STORED DATA:
────

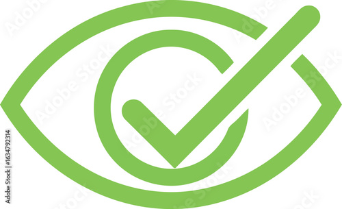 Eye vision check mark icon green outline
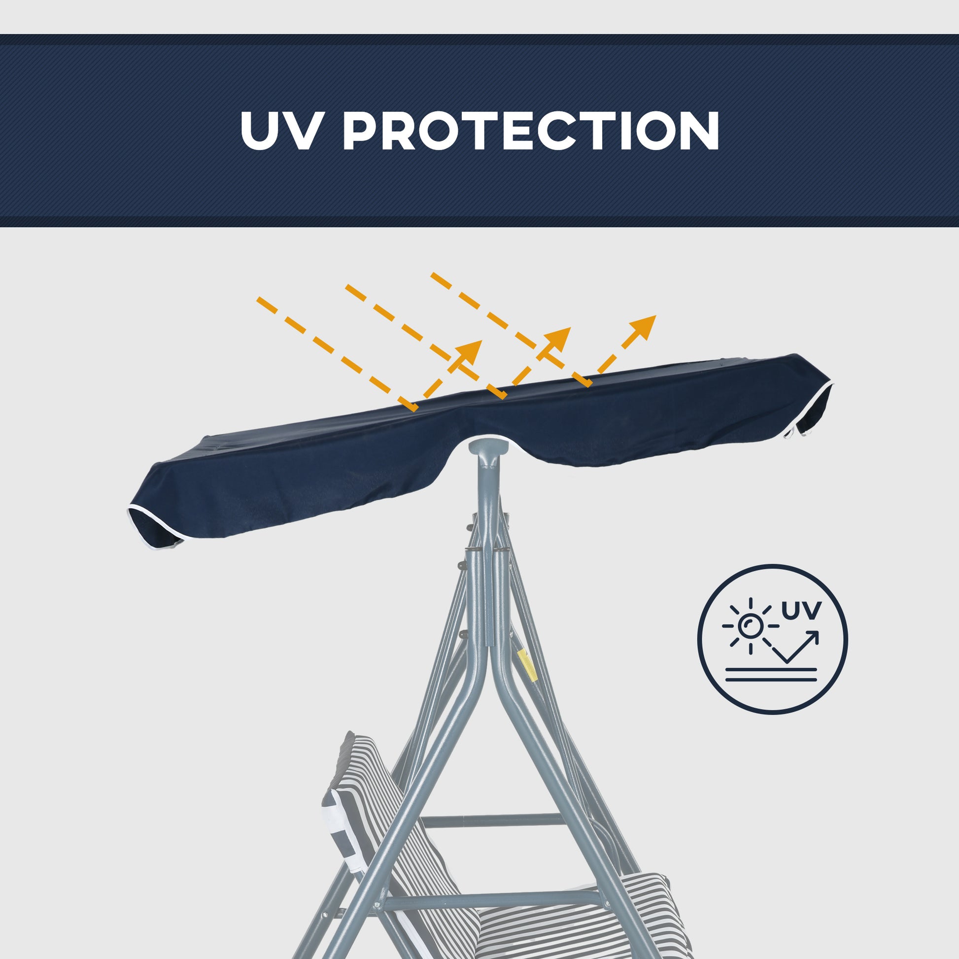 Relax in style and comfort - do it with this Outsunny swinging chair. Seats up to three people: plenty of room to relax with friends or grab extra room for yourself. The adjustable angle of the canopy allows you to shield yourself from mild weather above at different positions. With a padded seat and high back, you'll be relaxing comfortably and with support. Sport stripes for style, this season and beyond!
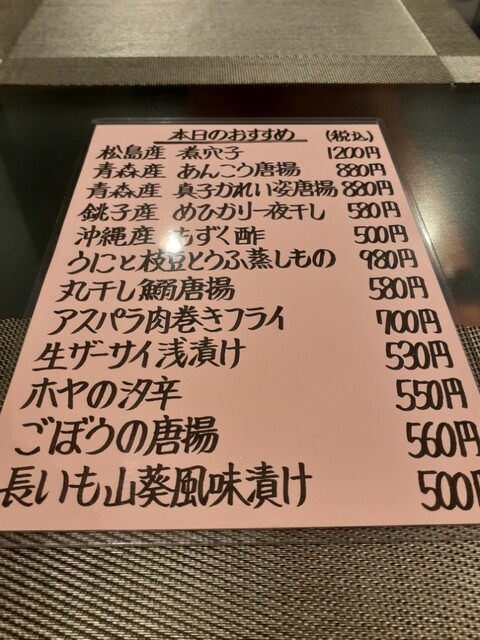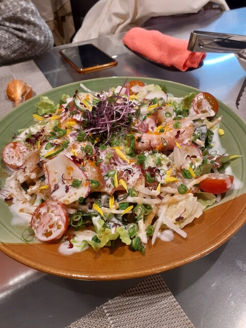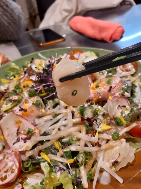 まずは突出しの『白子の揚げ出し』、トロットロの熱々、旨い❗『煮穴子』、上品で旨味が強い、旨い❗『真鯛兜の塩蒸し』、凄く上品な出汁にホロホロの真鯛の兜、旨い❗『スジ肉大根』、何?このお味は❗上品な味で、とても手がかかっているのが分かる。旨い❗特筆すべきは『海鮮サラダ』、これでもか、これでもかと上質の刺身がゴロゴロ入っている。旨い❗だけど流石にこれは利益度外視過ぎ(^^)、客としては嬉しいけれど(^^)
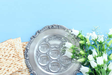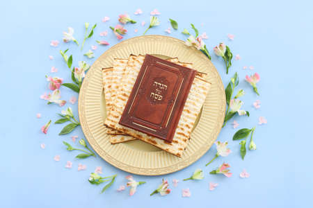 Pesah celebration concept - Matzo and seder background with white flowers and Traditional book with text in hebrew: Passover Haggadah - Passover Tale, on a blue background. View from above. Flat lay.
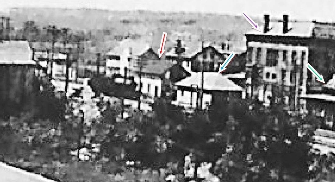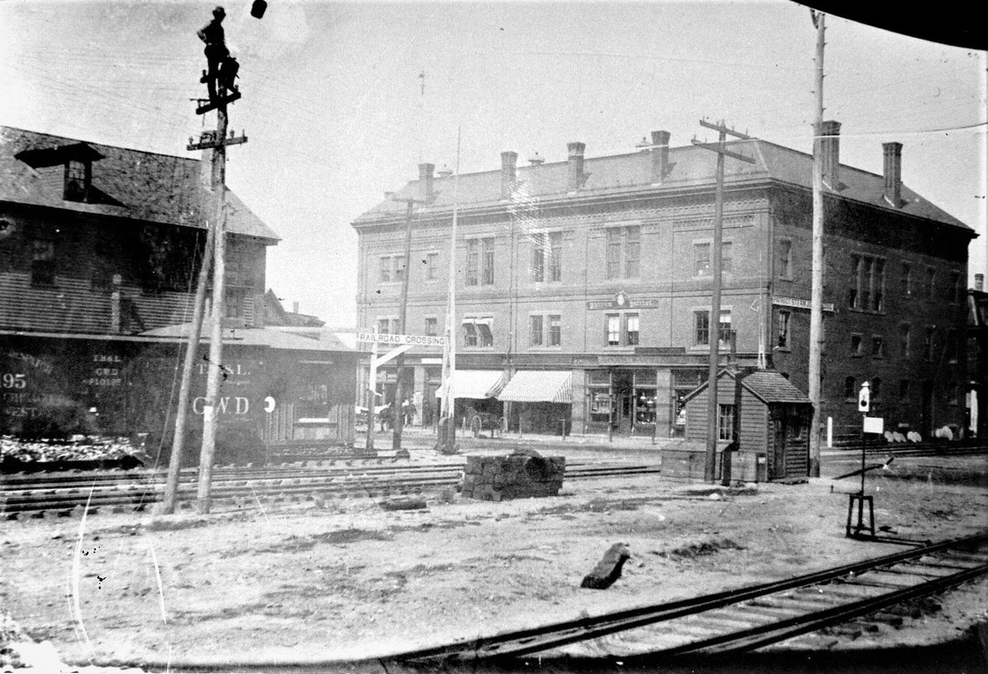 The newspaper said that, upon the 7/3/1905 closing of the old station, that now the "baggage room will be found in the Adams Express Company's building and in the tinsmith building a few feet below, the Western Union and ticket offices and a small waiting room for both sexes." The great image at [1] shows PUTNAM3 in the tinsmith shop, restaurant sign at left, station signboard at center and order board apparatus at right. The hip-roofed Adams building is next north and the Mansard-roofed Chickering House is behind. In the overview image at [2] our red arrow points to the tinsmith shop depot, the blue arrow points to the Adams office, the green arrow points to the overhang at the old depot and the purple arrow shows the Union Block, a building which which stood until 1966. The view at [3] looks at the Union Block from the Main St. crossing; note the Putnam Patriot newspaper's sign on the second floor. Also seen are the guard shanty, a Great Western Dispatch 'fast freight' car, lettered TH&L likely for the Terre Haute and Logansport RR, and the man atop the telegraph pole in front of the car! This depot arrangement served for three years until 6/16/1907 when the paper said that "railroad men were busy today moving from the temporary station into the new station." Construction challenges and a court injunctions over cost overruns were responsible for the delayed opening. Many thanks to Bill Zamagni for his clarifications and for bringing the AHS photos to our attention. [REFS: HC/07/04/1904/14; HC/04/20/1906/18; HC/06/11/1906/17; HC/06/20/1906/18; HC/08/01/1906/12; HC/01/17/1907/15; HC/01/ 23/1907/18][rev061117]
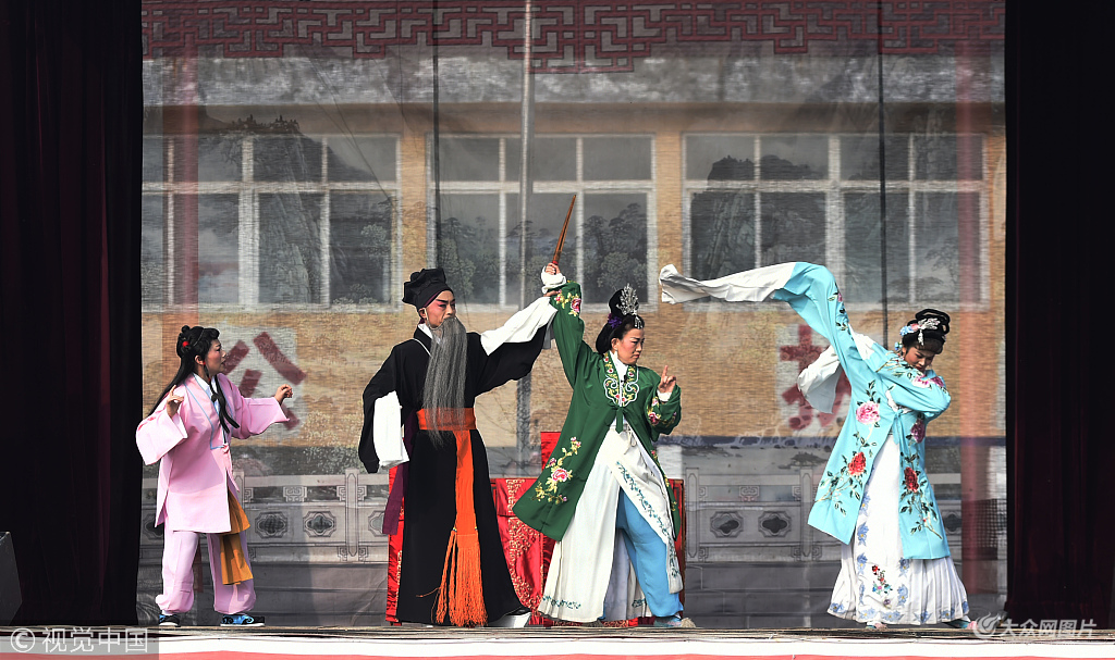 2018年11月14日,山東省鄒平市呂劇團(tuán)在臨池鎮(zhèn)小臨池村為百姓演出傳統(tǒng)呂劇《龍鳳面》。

────

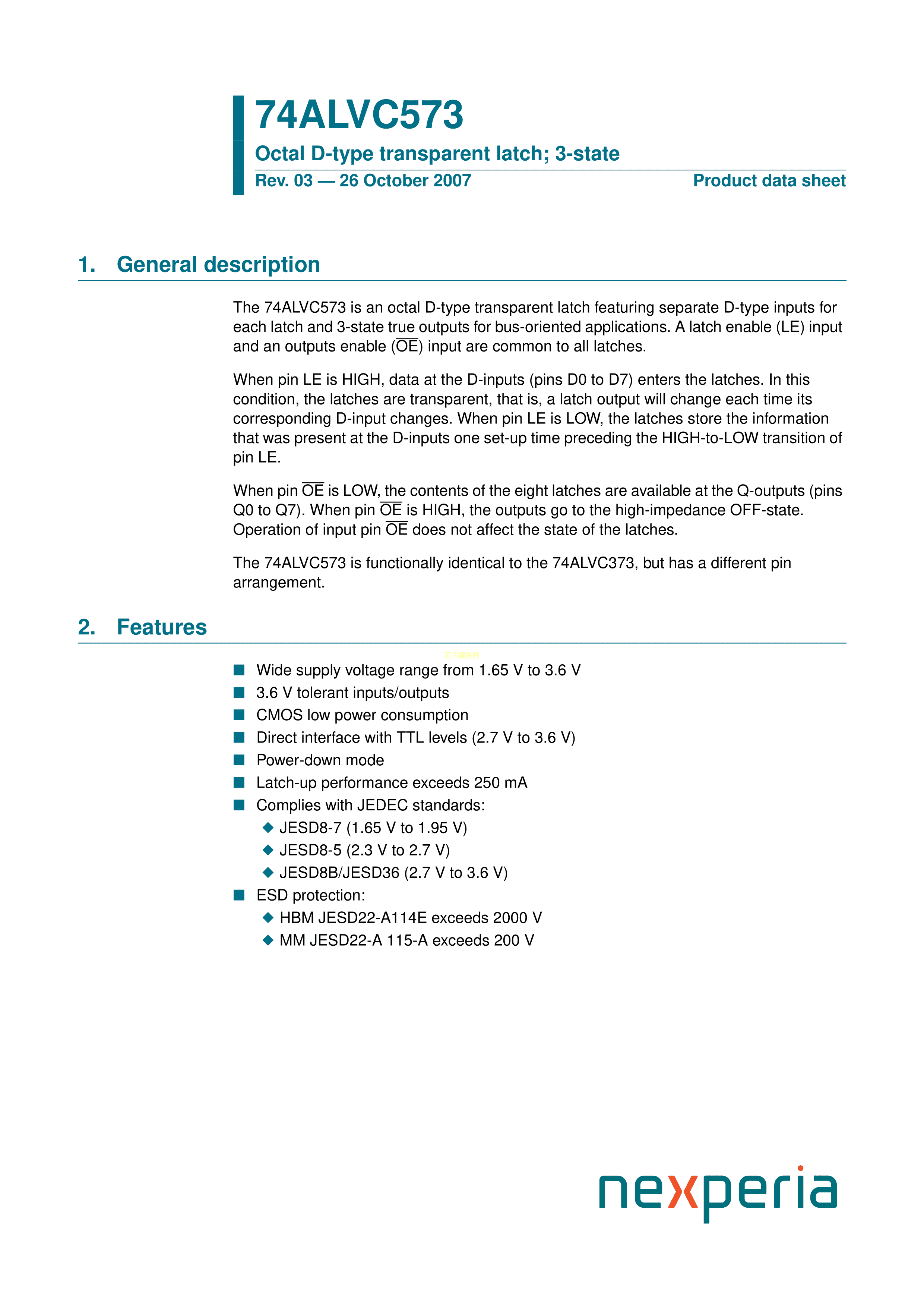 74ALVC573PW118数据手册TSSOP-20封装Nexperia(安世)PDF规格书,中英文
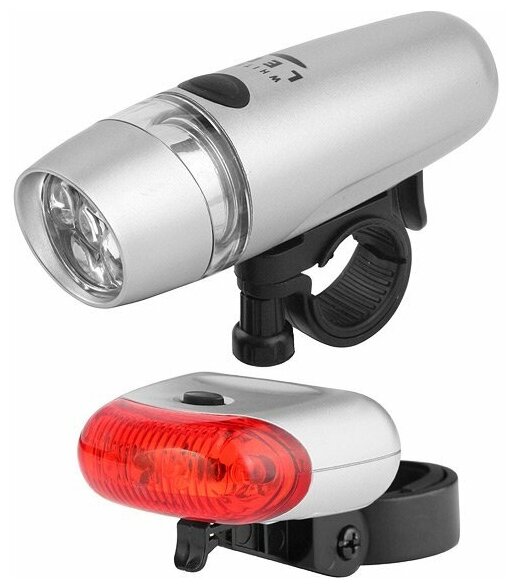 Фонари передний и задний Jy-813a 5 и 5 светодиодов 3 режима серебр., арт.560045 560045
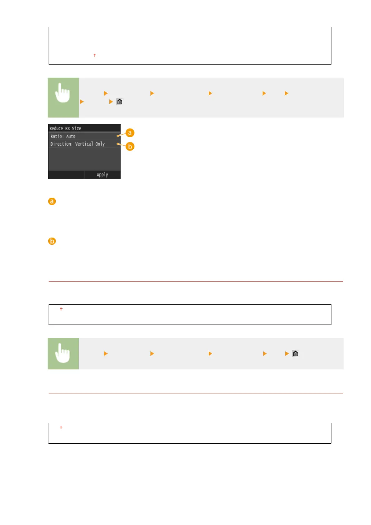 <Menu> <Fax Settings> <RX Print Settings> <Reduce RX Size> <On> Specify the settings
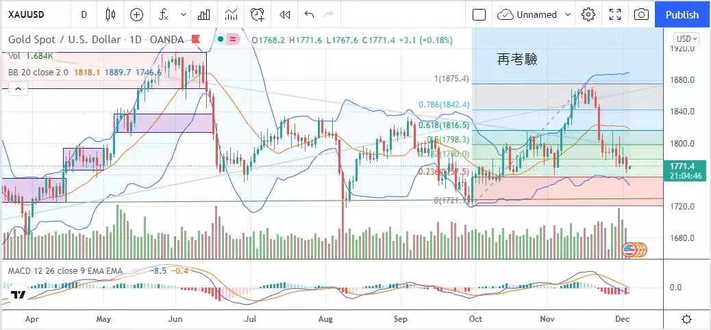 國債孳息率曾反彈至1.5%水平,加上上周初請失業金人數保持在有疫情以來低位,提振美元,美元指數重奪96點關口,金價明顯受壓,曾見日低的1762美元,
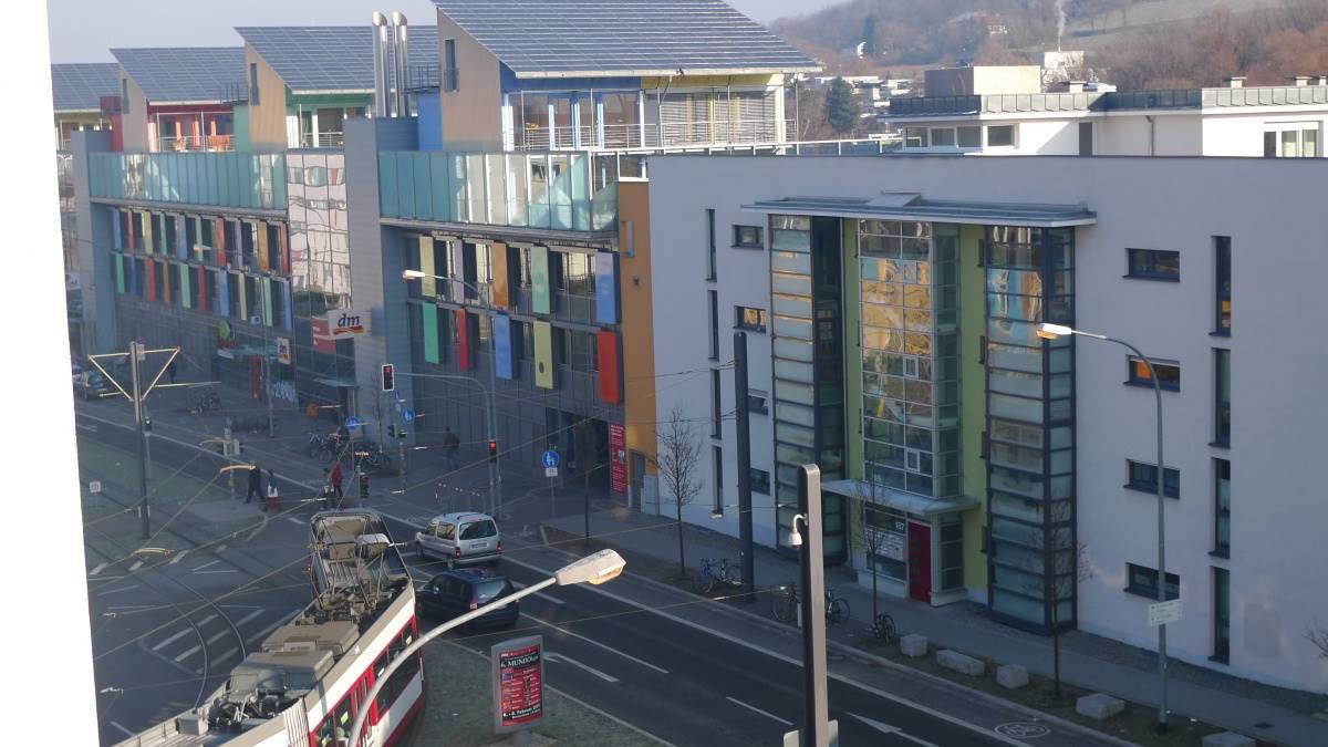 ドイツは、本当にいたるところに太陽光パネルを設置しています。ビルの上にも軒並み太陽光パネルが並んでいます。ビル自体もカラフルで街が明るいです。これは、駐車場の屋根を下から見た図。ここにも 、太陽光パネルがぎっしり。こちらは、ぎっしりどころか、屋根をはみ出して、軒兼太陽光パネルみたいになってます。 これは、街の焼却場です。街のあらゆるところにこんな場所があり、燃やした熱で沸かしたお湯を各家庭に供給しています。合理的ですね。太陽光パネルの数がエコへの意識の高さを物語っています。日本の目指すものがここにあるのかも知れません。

────

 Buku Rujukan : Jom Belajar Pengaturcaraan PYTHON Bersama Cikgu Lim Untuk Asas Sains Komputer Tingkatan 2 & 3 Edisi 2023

────

Using the material above, reproduce only the lines that run from the line with "Фонари передний и" up to and including the line with "國債孳息率曾反彈至1.5%水", exactly, with the pictures dropped.

THE COMPLETED TASK:
 Фонари передний и задний Jy-813a 5 и 5 светодиодов 3 режима серебр., арт.560045 560045
 <Menu> <Fax Settings> <RX Print Settings> <Reduce RX Size> <On> Specify the settings
 國債孳息率曾反彈至1.5%水平,加上上周初請失業金人數保持在有疫情以來低位,提振美元,美元指數重奪96點關口,金價明顯受壓,曾見日低的1762美元,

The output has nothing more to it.